No code word is the beginning of another code word.
All code words have the same length.

4

For the special source symbol sequence  $\rm ADBDCBCBADCA$ , the encoded sequence  $\rm 001101111001100100111000$  results.
Which code was used?

The code  $\rm C1$,
the code  $\rm C2$.

5

After coding with  $\rm C3$,  you get  $\rm 001101111001100100111000$.  What is the corresponding source symbol sequence?

$\rm AACDBACABADAAA$ ...
$\rm ACBCCCACAACCD$ ...


Solution

(1)  The average code word length is generally given by

$$L_{\rm M} = p_{\rm A} \cdot L_{\rm A} + p_{\rm B} \cdot L_{\rm B}+ p_{\rm C} \cdot L_{\rm C} + p_{\rm D} \cdot L_{\rm D} \hspace{0.05cm}.$$

If the four source symbols are equally probable  $($all probabilities exactly  $1/4)$, then for this we can also write:

$$L_{\rm M} = 1/4 \cdot ( L_{\rm A} + L_{\rm B}+ L_{\rm C} + L_{\rm D}) \hspace{0.05cm}.$$
  • $\text{Code C1:}$    $L_{\rm M} \hspace{0.15cm}\underline{= 2.00}\ \rm bit/source\hspace{0.15cm} symbol$,
  • $\text{Code C2:}$    $L_{\rm M} \hspace{0.15cm}\underline{= 2.25}\ \rm bit/source\hspace{0.15cm} symbol$
  • $\text{Code C3:}$    $L_{\rm M} \hspace{0.15cm}\underline{= 2.25}\ \rm bit/source\hspace{0.15cm} symbol$.


(2)  With the code table  $\text{C1}$ , the average code word length  $L_{\rm M} \hspace{0.15cm}\underline{= 2}\ \rm bit/source\hspace{0.15cm} symbol$  is always obtained, independent of the symbol probabilities.
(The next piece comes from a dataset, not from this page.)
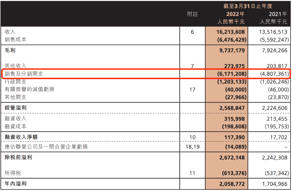 财报显示,2021-2022财年,由于对品牌羽绒服业务渠道建设、终端门店建设,以及品牌宣传营销力度加大等原因,波司登分销开支(含广告和宣传费用、使用权资产折旧费、或有租金以及销售雇员开支)已经成为集团最大支出,同比增加28.4%达到61.71亿元,占集团总营收的38.1%。
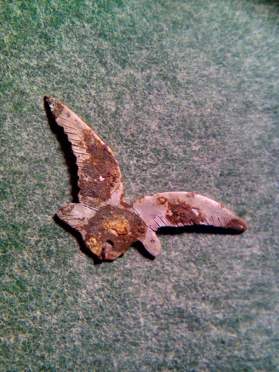 И в продолжение вчерашнего разговора о самодельных петличных знаках различия. Было подозрение, что вот эта птичка - тоже вариант окопного творчества, только на этот раз солдат люфтваффе. Как вариант - взамен утерянной форменной эмблемы с петлицы. Сделана, похоже, из дюрали: Сильные сомнения так и не развеялись, поскольку сходство этой находки с оригиналом петличной эмблемы люфтваффе очень условное. Если по самодельным "треугольникам" РККА геометрическое сходство практически полное, то здесь всё намного сложнее... И всё же, какие будут мнения по целевому назначению этой рукодельной птички (3 верхних фото)? Был ли это просто рукодельный значок для ношения на гражданской одежде, наподобие вот этого: Или всё-таки "птичка" имела какое-то отношение к фурнитуре, хотя и самодельной?

For the other two codes one obtains:

  • $\text{Code C2:}$    $L_{\rm M} = 1/2 \cdot 1 + 1/4 \cdot 2 + 1/8 \cdot 3 + 1/8 \cdot 3 \hspace{0.15cm}\underline{= 1.75}\ \rm bit/source\hspace{0.15cm} symbol$,
  • $\text{Code C3:}$    $L_{\rm M} = 1/2 \cdot 3 + 1/4 \cdot 2 + 1/8 \cdot 1 + 1/8 \cdot 3 \hspace{0.15cm}\underline{= 2.50}\ \rm bit/source\hspace{0.15cm} symbol$.


From the example you can see the principle:

  • Probable symbols are represented by a few binary symbols, improbable ones by more.
  • In the case of equally probable symbols, it is best to choose the same code word lengths.



(3)  Solution suggestion 1 is correct:

  • The code  $\text{C1}$  with uniform length of all code words is prefix-free,
  • but other codes can also be prefix-free, for example the codes  $\text{C2}$  and  $\text{C3}$.


(4)  Solution suggestion 1 is correct:

  • Already from  "00"  at the beginning one can see that the code  $\text{C2}$  is out of the question here,
    because otherwise the source symbol sequence would have to begin with  "AA".
  • In fact, the code  $\text{C1}$  was used.


(5)  Solution suggestion 2 is correct.

The first suggested solution gives the source symbol sequence for code  $\text{C2}$  if the encoded sequence would be   "$\rm 001101111001100100111000$".